## EXERCISE REQUIREMENTS
Begin at the line containing "本次活动要求同学们以绘画的形" in the data below and go on through the line containing "Fruhjahr Kaninchen Auf", repeating each line exactly; include both ends and no other line.
====== GIVEN RECORDS ======
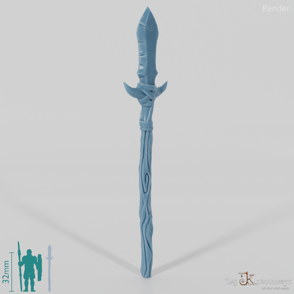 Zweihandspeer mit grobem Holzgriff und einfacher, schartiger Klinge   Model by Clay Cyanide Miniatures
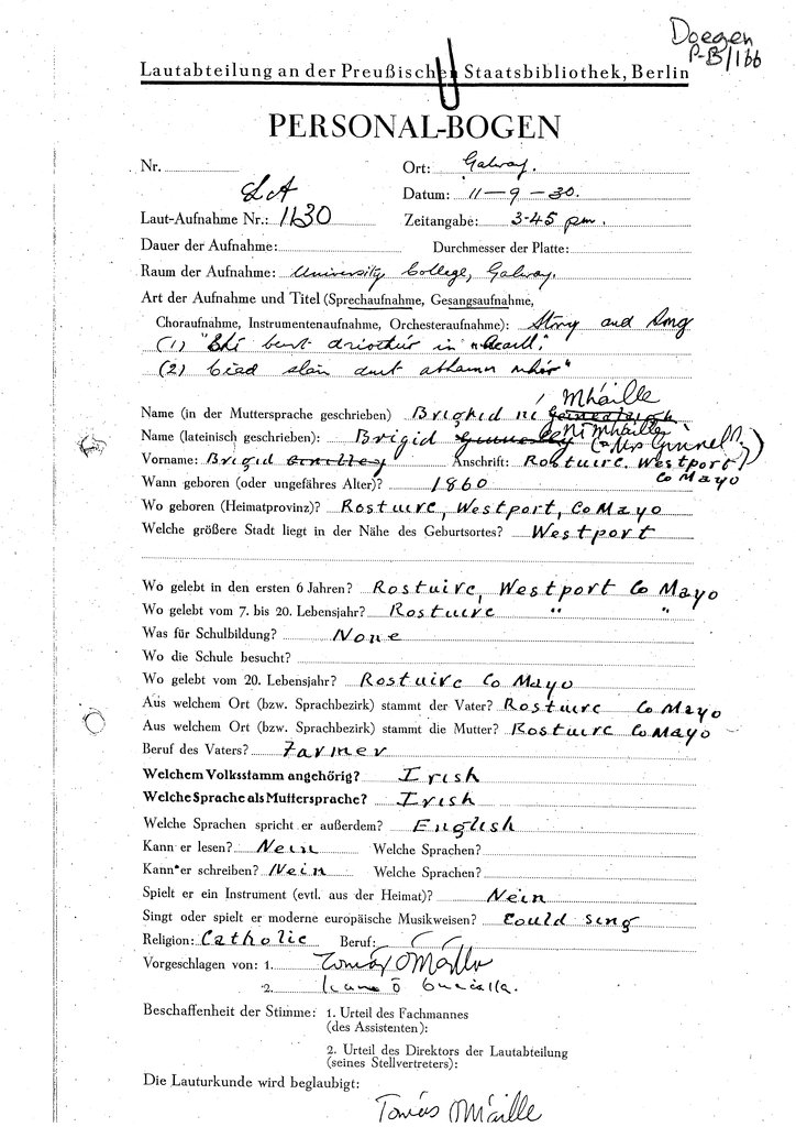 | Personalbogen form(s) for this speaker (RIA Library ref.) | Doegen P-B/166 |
======
====== GIVEN RECORDS ======
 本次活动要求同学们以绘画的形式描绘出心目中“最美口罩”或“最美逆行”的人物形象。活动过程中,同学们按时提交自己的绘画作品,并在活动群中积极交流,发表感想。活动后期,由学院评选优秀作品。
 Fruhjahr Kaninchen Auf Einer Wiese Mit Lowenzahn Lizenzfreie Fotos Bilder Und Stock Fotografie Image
======
## ANSWER SECTION
 本次活动要求同学们以绘画的形式描绘出心目中“最美口罩”或“最美逆行”的人物形象。活动过程中,同学们按时提交自己的绘画作品,并在活动群中积极交流,发表感想。活动后期,由学院评选优秀作品。
 Fruhjahr Kaninchen Auf Einer Wiese Mit Lowenzahn Lizenzfreie Fotos Bilder Und Stock Fotografie Image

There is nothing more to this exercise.